Abstract

The complexity of the emotional presentation of users to Artificial Intelligence (AI) virtual assistants is mainly manifested in user motivation and social emotion, but the current research lacks an effective conversion path from emotion to acceptance. This paper innovatively cuts from the perspective of trust, establishes an AI virtual assistant acceptance model, conducts an empirical study based on the survey data from 240 questionnaires, and uses multilevel regression analysis and the bootstrap method to analyze the data. The results showed that functionality and social emotions had a significant effect on trust, where perceived humanity showed an inverted U relationship on trust, and trust mediated the relationship between both functionality and social emotions and acceptance.
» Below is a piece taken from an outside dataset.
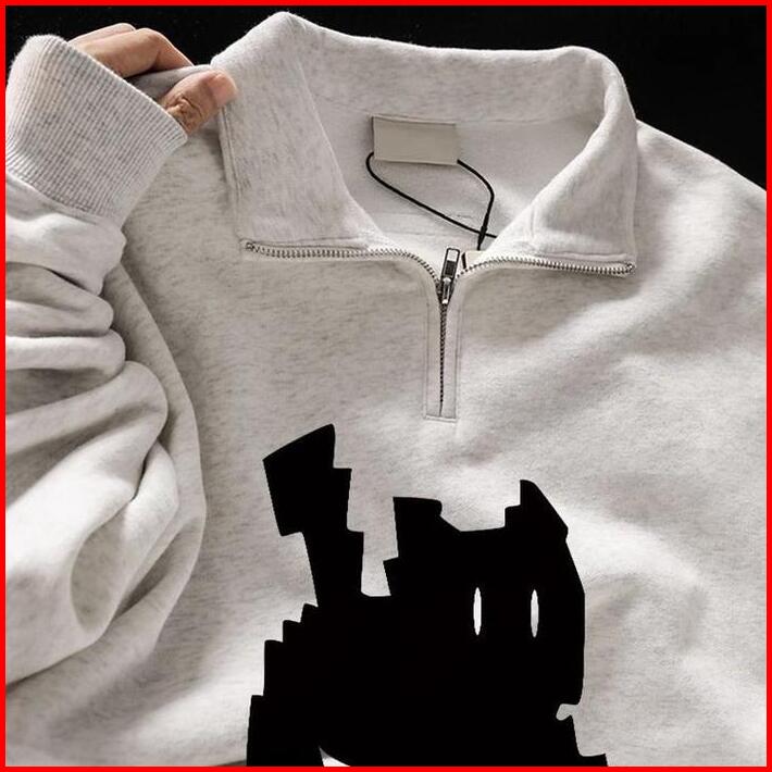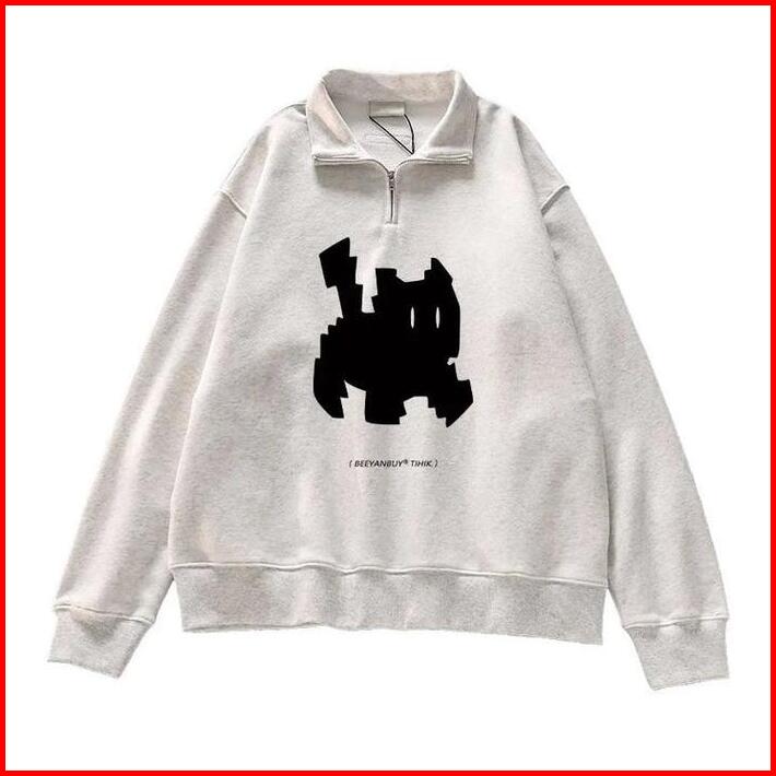 Sweater Halfzip Piksel Oversize Wanita Fit Fleece Abu Hitam

The findings explain the emotional complexity of users toward AI virtual assistants and extend the transformation path of technology acceptance from the trust perspective, which has implications for the development and design of AI applications.

Highlights

  • With the advancement of AI technology, there are increasing numbers of Artificial Intelligence (AI) applications, such as service robots, chatbots, and AI virtual assistants (Gummerus et al, 2019)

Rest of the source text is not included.